By John Solidad
Many people don’t know what goes on behind the scenes of baseball recruiting. Players have a tendency to believe that if they play well, then they’re destined to play at the highest level. The reality of recruiting and scholarships is that it is not an exact science. There are no specific goals everyone must achieve before he is given the opportunity to play at the next level.
In my senior year of high school I was named “First-Team All-League” as a pitcher and third baseman for batting .423 and leading my team in strikeouts and wins. After a historic playoff run in which we played for the State Championship, I was confident that I was destined to catch the eye of at least one D1 coach.
No one called.
I wasn’t alone; According to scholarshipstats.com , 11.5% of high school ballplayers will compete at the college level, while only 2.1% play at the NCAA 1 level. That number is exceedingly low. And that number gets even lower for NCAA 1 athletes who have an athletic scholarship.
Players often get discouraged when a big-name school doesn’t contact them. Most would choose to enroll in an NCAA 2 level school or try walking-on to their dream school. However this only diminishes your chances of ever playing at the NCAA 1 level. Walk-on tryouts at the NCAA 1 level are rarely successful and transferring from one four-year school to another requires the athlete to sit out from competition for a year. Choosing to go to a junior college was the best decision I ever made. While the thought of going to a junior college can be degrading, it is important to know that you may have the same opportunities to improve and be seen by MLB Scouts.
Put aside your pride.
Taking a step back and acknowledging that you have things to improve upon as a player is crucial. Stay hungry. The sooner you’re able to move past this the better off you’ll be. If you are able to use this perceived failure as a catalyst for divine intervention then you’re already in a better position that most freshmen at the NCAA 1 level.
Anything can happen.
One of the perks to going to a junior college is that you are eligible to be drafted by a major-league club at any point. Students of four-year universities must wait until they either turn twenty-one or their junior year rolls around.

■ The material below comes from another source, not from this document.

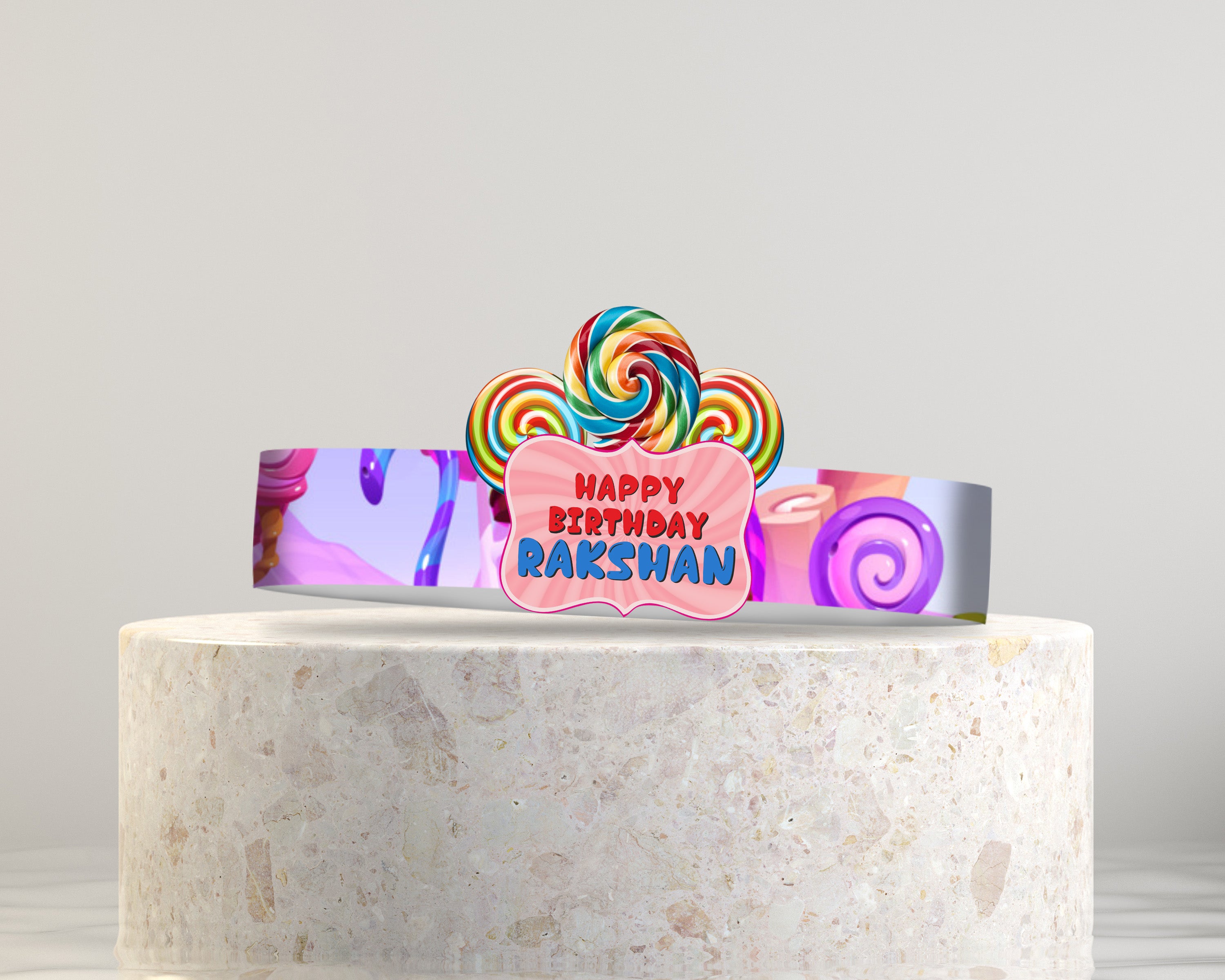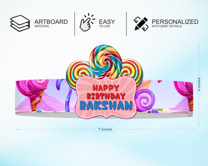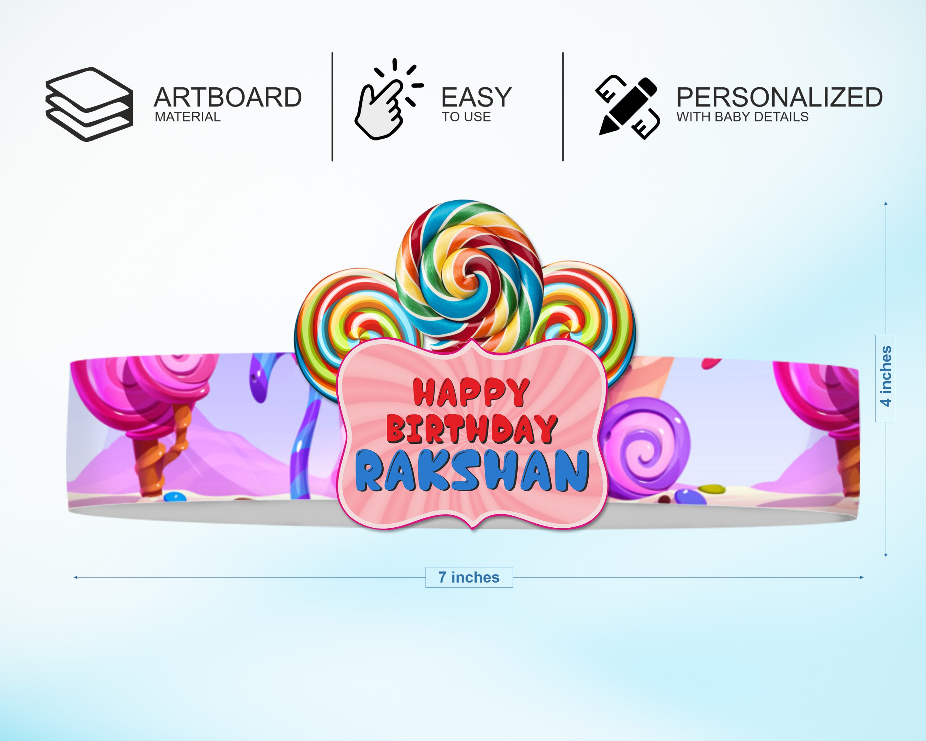 A personalized crown hat based on the Candy theme, made of thick paperboard material, is ideal for celebrating kids' birthday parties.

Because coaching at the NCAA 1 level is a cut-throat profession; players are merely commodities. You either win, or you’re gone. Well theres pressure, however you are given a lot more opportunities to preform at a junior college, especially during the fall season.
The junior college level gave me the opportunity to develop my skills as a player through practice, mature as a person, and received ample playing time during the season. After my first full year of competing in junior college, the phone started ringing.
While I had a great year in terms of statistics, I found that in recruiting, statistics don’t always speak for themselves. It’s more about who you know, rather and what you know.
That year I ended up signing a national letter of intent with North Carolina State University, while ten more of my teammates went on to play at the NCAA 1 level as well. And while we all played well that year, the word of our coach, Jeff Walker, meant more recruiters than anything else. In fact, pitching coach Scott Foxhall for North Carolina State University offered me an athletic scholarship without ever coming to watch me play.
Control what you can control.
While it may seem as if a lot of the recruitment process is left to chance, there are still a number of things you can do to increase the likelihood of being seen. You can find a number of different guides to recruitment online. However in terms of my recruitment, these are the factors that influenced my journey the most.
Everything You Do Matters
From your behavior in the classroom to your social media presence, you are constantly demonstrating your character. Pay attention to what you say and do on and off the field, as it has almost the same power to influence as a batting average.
Chances are coaches aren’t going to just show up at your game unexpectedly. Express your interest to play at the next level with your current coach early. Discover the extent in which he or she can help become noticed. From there, you can judge just how much you should be contacting other coaches on your own.
Believe in the Dream
If you can honestly look yourself in the mirror and tell yourself that you can compete at the highest level of competition, nothing can stand in your way. Be patient with the recruiting process and don’t be discouraged if top tier school doesn’t contact you out of high school.